When Santa Claus visited the Bootlegger Bistro in August, he got his throat slit.

On Sunday the jolly old man, this time wearing his beloved red suit, came back to say thank you.

"Some people may think it's strange that I'm happy I got my throat slit, but if it hadn't happened, I wouldn't be here now," he said, standing in the section of the eatery on Las Vegas Boulevard South where he almost died, where his blood pooled on the floor.

There was a twinkle in his eye as he held Mrs. Claus' hand and a bag of gifts.

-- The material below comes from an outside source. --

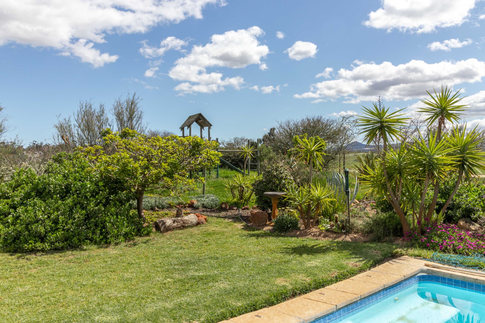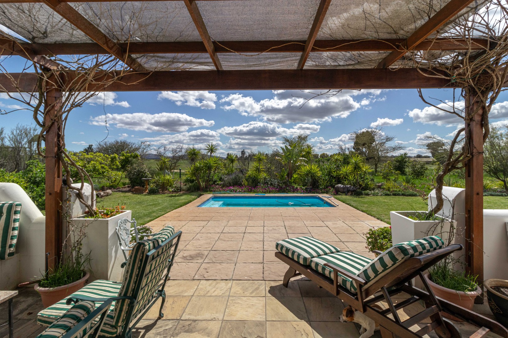 Outdoors, the beautifully established garden is a private sanctuary, complete with a sparkling swimming pool and a wind-sheltered entertainment area—ideal for year-round relaxation and hosting.

"I've really been looking forward to meeting the doctor who cut my throat," he said, grinning. "I've never got to meet him."

It was Aug. 18 when John Adams, a husky, white-bearded, federal employee from Barstow who has long enjoyed playing Santa in California and Nevada at Christmastime, started choking on a piece of bread.

"After I fell to the floor, I don't remember anything until I woke up in the hospital," Adams said.

How his life was saved -- first reported in the Review-Journal on Aug. 20 -- became a story that drew worldwide attention.

"All of a sudden, Santa started coughing and motioning like he couldn't breathe," recalled Denise Adams, who calls her husband Santa not only because of the striking resemblance and his work with children but because "he's just such a good man."

Attempts by family and restaurant employee Vito Marinelli to get Adams breathing through the Heimlich maneuver seemed to make him choke even more. He fell limply to the floor, unconscious.

A restaurant employee who knew there was a doctor in the house brought Dr. Michael Colletti, the 60-year-old former president of the Clark County Medical Society, to where Adams was turning blue.

Though he is a rheumatologist -- a specialist in the nonsurgical treatment of illnesses such as arthritis -- Colletti immediately asked for a knife.

The knife he received was great for cutting steak, and Colletti prayed it would also work for a cricothyroidotomy, a procedure that provides a temporary emergency airway in situations where there is an obstruction at or above the level of the larynx.

After Adams met Colletti and thanked him on Sunday, the doctor noted that in August, the darkness in the room -- which makes for romantic dinners -- made it difficult to cut without damaging vital anatomy.

"Your beard was so long and it was so dark, I basically had to cut by feel," Colletti told Adams. "And remember, I had never done one of these before -- I had just studied about it in medical school."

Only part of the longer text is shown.